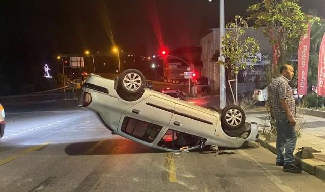 Aydınlatma direğine çarpan otomobil takla attı
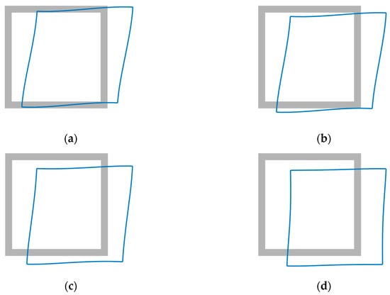 The primary focus of the comparison was on the roof displacement of the frame structure, particularly the horizontal displacement at a specific point labeled as “A” in Figure 14a–c. This comparison was crucial in determining whether the PMDL-DRM system could accurately replicate the behavior of the structure under seismic loading.
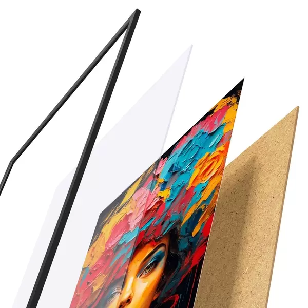 El póster consta de marco, plexiglás, imagen impresa y soporte de aglomerado. El póster puede colgarse inmediatamente en la pared gracias a los soportes de la parte posterior.
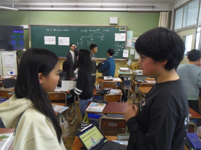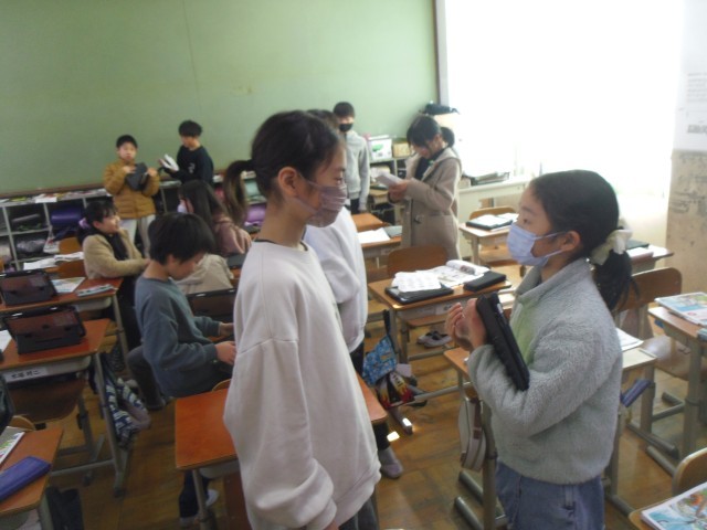 その次にペアトークで日本で行きたい所とそこでしたいことを伝え合いました。今までの学習を生かして多くの子どもたちがメモをみないでしっかり伝え合っていました。
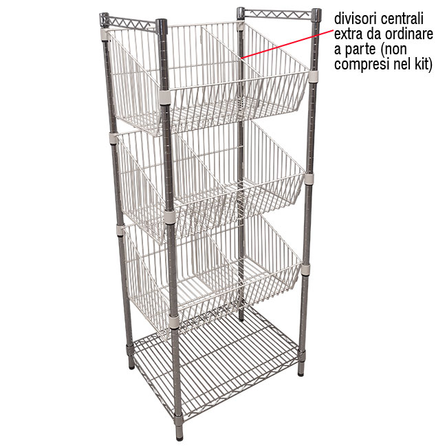 Kit composto da base e 3 ceste a bocca di lupo
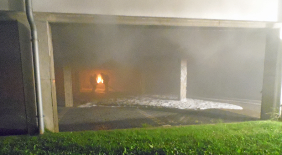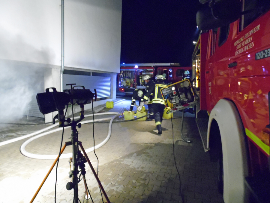 Beim Eintreffen der um 1.56 Uhr alarmierten Löschgruppe Hachen an der Einsatzstelle befand sich das in der Tiefgarage abgestellte Fahrzeug bereits im Vollbrand. In den Wohn- und Gewerbeflächen über der Tiefgarage stellte Einsatzleiter Andreas Becker aus Hachen teilweise eine leichte Verrauchung fest und veranlasste deshalb die Nachalarmierung der Löschgruppen aus Langscheid und Stemel. Zur Brandbekämpfung in der Tiefgarage wurden umgehend mehrere Einsatzkräfte mit Atemschutzgeräten eingesetzt. Der Brand konnte schließlich – nachdem noch Schwerschaum als Löschmittel eingesetzt wurde – schnell unter Kontrolle gebracht werden. Das Wohn- und Geschäftshaus wurde zwischenzeitlich durch Einsatzkräfte der Feuerwehr vorsichtshalber evakuiert. Die Nachlösch- und Aufräumarbeiten dauerten noch rund eine halbe Stunde. Die Bewohner konnten kurzfristig in ihre Wohnungen zurückkehren, da für sie eine Gefährdung nach Kontrolle der Räume ausgeschlossen werden konnte. Insgesamt waren rund 40 Einsatzkräfte vor Ort.

════════

PROBLEM TO WORK ON:
Give back exactly, and solely, the section of the data above bounded by the line containing "The primary focus" and the line containing "El póster consta", both bounding lines included and pictures omitted.

WRITTEN ANSWER:
 The primary focus of the comparison was on the roof displacement of the frame structure, particularly the horizontal displacement at a specific point labeled as “A” in Figure 14a–c. This comparison was crucial in determining whether the PMDL-DRM system could accurately replicate the behavior of the structure under seismic loading.
 El póster consta de marco, plexiglás, imagen impresa y soporte de aglomerado. El póster puede colgarse inmediatamente en la pared gracias a los soportes de la parte posterior.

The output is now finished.